Italian town commemorates World War II tragedy

CISTERNA di LATINA, Italy — For American forces fighting their way north to Rome, it was the site of a heroic but hopeless stand, where only eight men out of two Ranger battalions escaped German troops.

For the Italians caught in the fighting, it was the place where they lived underground for months before being sent on a forced march north by the Germans.

Today, the anniversary of the roundup in 1944, this town between Anzio and Rome held its annual commemoration of the bloody events of World War II with ceremonies beside a monument to victims of all wars and school children visiting the grottoes where their grandparents took shelter from the bombing.

This town of 32,000 people, once a manufacturing center but now the heart of kiwi production in Italy, has not forgotten the elite U.S. Army Rangers, who fought to liberate them from the Nazi occupiers. There is a Via dei Rangers, a school named after Rangers’ commander William O. Darby and signs noting Cisterna is twinned with Darby’s hometown, Fort Smith, Ark.

The site of the Cisterna battle, alongside a canal on the road to Nettuno, is recorded by a plaque in English, German and Italian recalling those who “fought and died.”

“It is an ugly memory but we can’t forget it because it is part of the history of our country,” Mayor Antonello Merolla said at the ceremony.

By all accounts, the Cisterna battle was a disaster for the Americans.

The Rangers were used as a spearhead after landing at Anzio, but because of poor intelligence met unexpected, fierce resistance at Cisterna and by authoritative accounts did not have the support weapons to overcome it as they battled through mud and drainage ditches.
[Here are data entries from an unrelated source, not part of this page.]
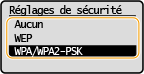 clé WEP (1 à 4).Il est possible d'enregistrer jusqu'à quatre clés WEP.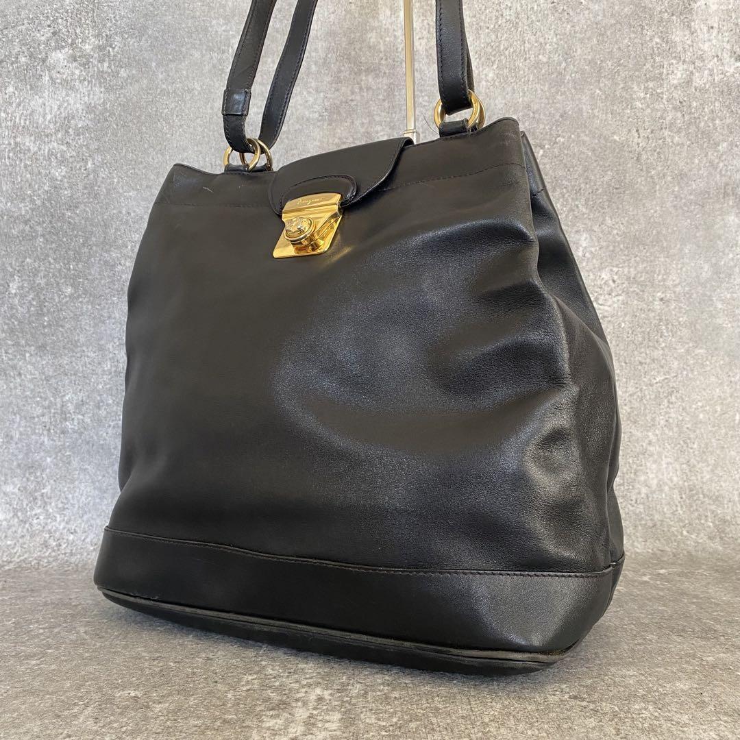 - フェラガモ トートバッグ オールレザー 金具 ブラック 肩がけ可 A4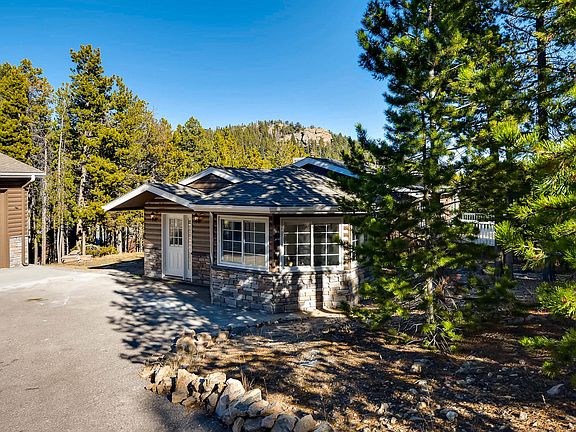 Don't miss out on this charming mountain home, nestled amongst mature foliage, located in Hilldale Pines. It's the perfect escape from busy city life, while still within arm's reach. Almost 2.5 Acres of nearly flat and useable land to play or simply enjoy the beauty of it's untouched nature. Exquisitely updated; simply move in without having to bring down the hammer. The open floor plan boasts beautiful hardwood flooring and an upgraded kitchen with granite countertops and stainless steel appliances. Start your mornings by soaking in fresh mountain air from your spacious back deck with panoramic views. Featuring 3 bedrooms, 2 baths, private den and office/craftroom with a finished walk-out basement. The Master Bedroom is conveniently located in the basement, providing utmost privacy for you to unwind after a long day. The insulated oversized garage is built for any enthusiast with 4 bays, and extra room for all your outdoor toys and storage. Enjoy the finest of Colorado Living in this Cozy Mountain Home! The home is rated 4 person/2 Bed Septic.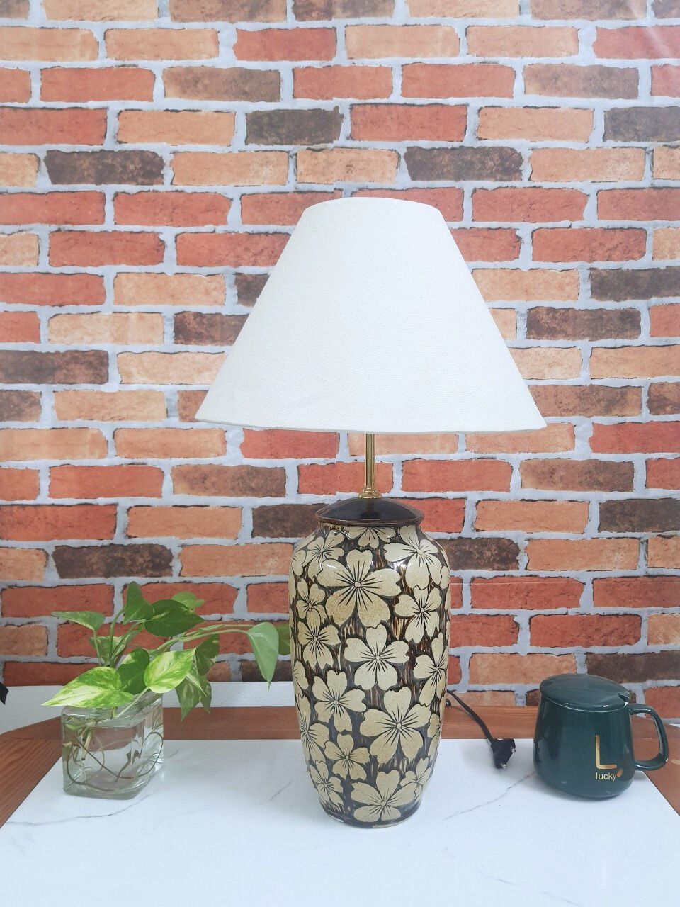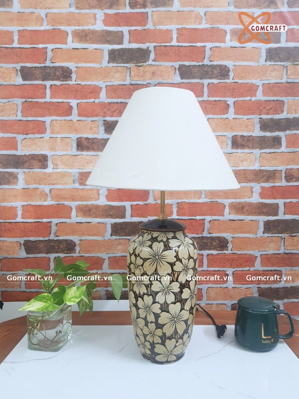 Quà Sinh Nhật | Đèn Trang Trí Phòng Ngủ Gốm sứ Bát Tràng dáng bom họa tiết giả gỗ khắc hoa mai thủ công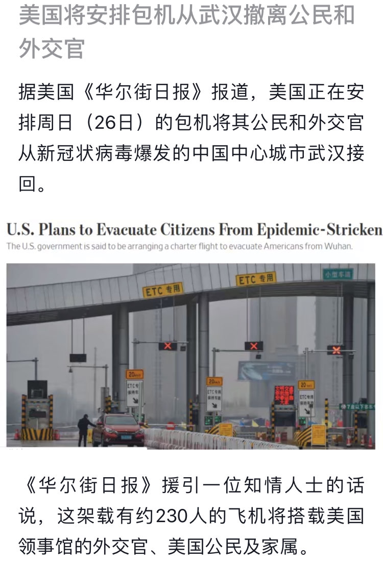 美国安排包机从武汉撤离公民了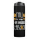 A pequena abóbora marrom, cogumelo, e as ilustrações das botas-de-chuva e o grande texto: Queda é a minha estação favorita.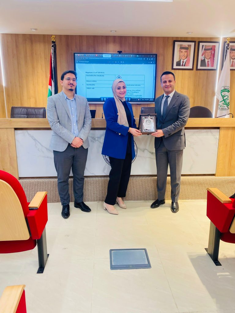 عقدت كلية الصيدلة في جامعة الزيتونة الأردنية بالتعاون مع مركز الاستشارات وخدمة المجتمع دورة تدريبية بعنوان “إدارة العمل الآمن داخل المختبرات”، قدمتها الدكتورة حنين أبو زيد والمهندسة مي المجاوله، بتنظيم الدكتورة سماح عطا، مساعد العميد لشؤون المختبرات.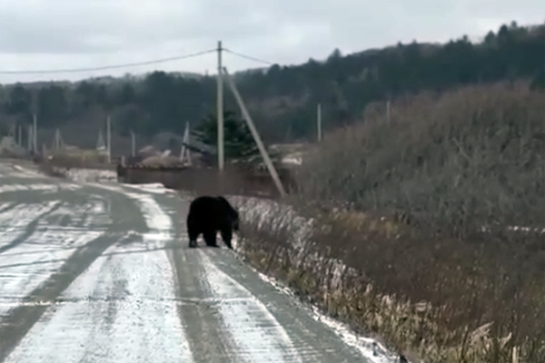 «На Кунашире заметили косолапого, который по непонятным причинам не уснул. Медведь не спеша шел по заснеженной дороге на 13 км. <…> курильчане наблюдают хищника уже не в первый раз. Ранее, 4 января, медвежьи следы заметили на берегу моря недалеко от мыса Столбчатого», — говорится в публикации.
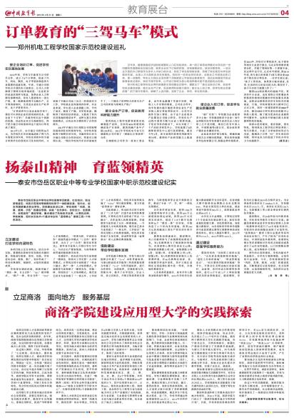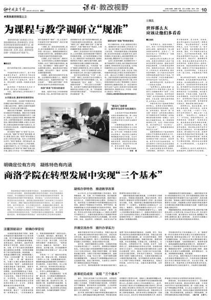4月21日,《中國教育報》在第4版《教育展臺》專題版,刊發(fā)了校黨委書記張景書、校長劉建林撰寫的文章《商洛學(xué)院建設(shè)應(yīng)用型大學(xué)的實踐探索》,專題報道了我校的辦學(xué)目標與定位、建設(shè)應(yīng)用型大學(xué)的實踐與探索、辦學(xué)成果與辦學(xué)特色;4月22日,《中國教育報》在第10版《課程周刊》專題版,刊發(fā)了《商洛學(xué)院在轉(zhuǎn)型發(fā)展中實現(xiàn)“三個基本”》的專題文章,報道了我校在轉(zhuǎn)型時期教育教學(xué)改革的成果,備受社會關(guān)注。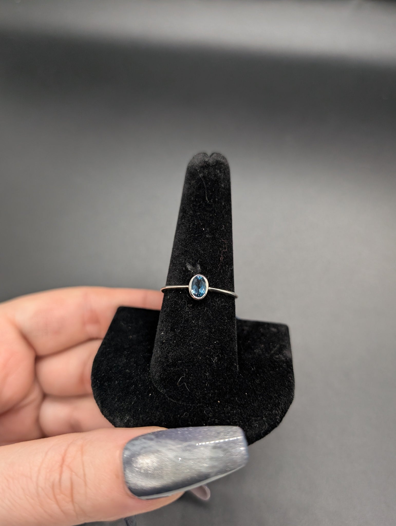 High quality 0.925 sterling silver London blue topaz ring. Size 9.

Rick Atkinson, in the book “Day of Battle,” said 250 to 300 Rangers died and eight escaped, leaving hundreds of others captured.

According to Marsha Henry Goff, an unofficial historian for the Rangers whose father served in the elite corps, “Col. Darby, who had protested the use of his Rangers as conventional troops — contending they were trained for a different type of fighting — had gone into a room alone and sobbed” after learning of the casualties.

She said the first word of the disaster came in an Associated Press war dispatch March 8 from Naples — five weeks after the battle.

“A grim secret kept locked in the hearts of allied troops in Italy for over a month now has been placed in the record of heroic but hopeless ‘last stands,’” it began.

The breakout from the beaches of Anzio had been stalled and the liberation of Rome, the first Axis capital to fall, would have to wait until June.

This also was grim news for Italian civilians.

“We lived for months underground,” Bruno Fieramonte, 75, a retired school teacher, told children taken down to the dark and dank grottoes of a 16th-century palace on the main square, recalling the fighting and bombing that destroyed 90 percent of the town’s buildings — with only few scarred and blackened homes from that era still standing.

Then, on March 19, the Germans, increasingly worried about resistance, rounded up the entire town and marched them north. Many ended up in labor camps and at farms as far north as Tuscany.

Felice Paliani, who was 13 at the time, said he was taken in as a mascot by the Americans when Cisterna was finally liberated. “We survived because we were united,” he said.

Surviving Rangers, mostly in their 80s, generally visit around American Memorial Day, combining it with a stop at the military cemetery in Anzio-Nettuno.

Asked whether German survivors were ever invited, the mayor said, “Actually no. But you’ve given me an idea for next year.”